As noted above, it turns out that $B_2(20)=1257$ which is quite close to $400\pi=1256.6$ but might have been over or under that by $8.$

The $1257$ lattice points in a disk of radius $20$ are made of $B_{0,0}(20)+2B_{1,1}(20)+B_{2,2}(20)=1+2\cdot 40+1176.$ There are $\binom42=6$ planes defined by two of the coordinate axes. The intersection of each with the $B_4(20)=789905$ points of the sphere consists of $B_2(20)=1257$ points. The size of the union of these sets is the number you want, which turned out to be precisely $7217.$ Estimating it as $6B_2=7542$ comes out too large since some points are counted multiple times. But the error in doing this is about $4.5\%$

In general, somewhat less than $6B_2(r) \approx 6 \pi r^2$ out of the total of roughly $\frac{\pi^2}2r^4$ lattice points counted by $B_4(r)$ have two or less non-zero coordinates.
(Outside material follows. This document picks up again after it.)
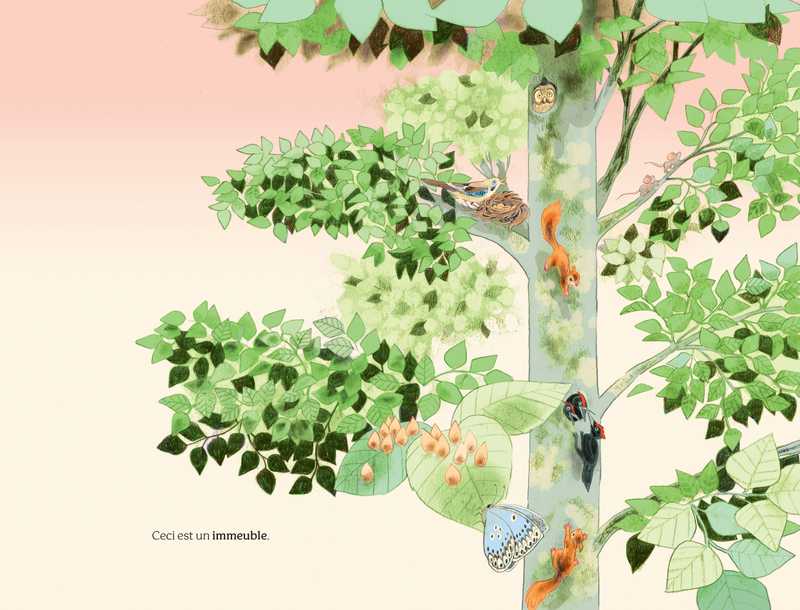 Ceci n’est pas encore un arbre. Ceci est un immeuble. Ceci est un restaurant. Ceci est une école. Ceci est un abri… Ceci n’est pas seulement un arbre. Le mot « arbre » en cache bien d’autres, et on découvre ceux qui le peuplent, ce qu’il permet, ce qu’il fait naître.

About the most accurate we can get is $6 \pi r^2 -16r-5.$ So the error is roughly $\frac{8}{3\pi r}$ of the actual value.

  • thanks a lot for this answer – Noah16 Sep 19 at 10:07

Given any subset $S$ of $\{1,\dots,d\}$, let $L_S(r)$ be the set of lattice points within distance $r$ of the origin with the property that their $j$th coordinates, for all $j\notin S$, equal $0$. For example, $(0,1,0,2)$ is an element of both $L_{\{2,4\}}(7)$ and $L_{\{1,2,4\}}(\sqrt5)$ but not an element of either $L_{\{2\}}(7)$ or $L_{\{2,4\}}(2)$. You are wanting to count the number of elements of $$ \bigcup_{\substack{S\subseteq\{1,\dots,d\} \\ \#S\le d/2}} L_S(r); $$ and of course the reason that the answer is not simply $$ \sum_{\substack{S\subseteq\{1,\dots,d\} \\ \#S\le d/2}} \#L_S(r) $$ is because many lattice points are double-counted or worse.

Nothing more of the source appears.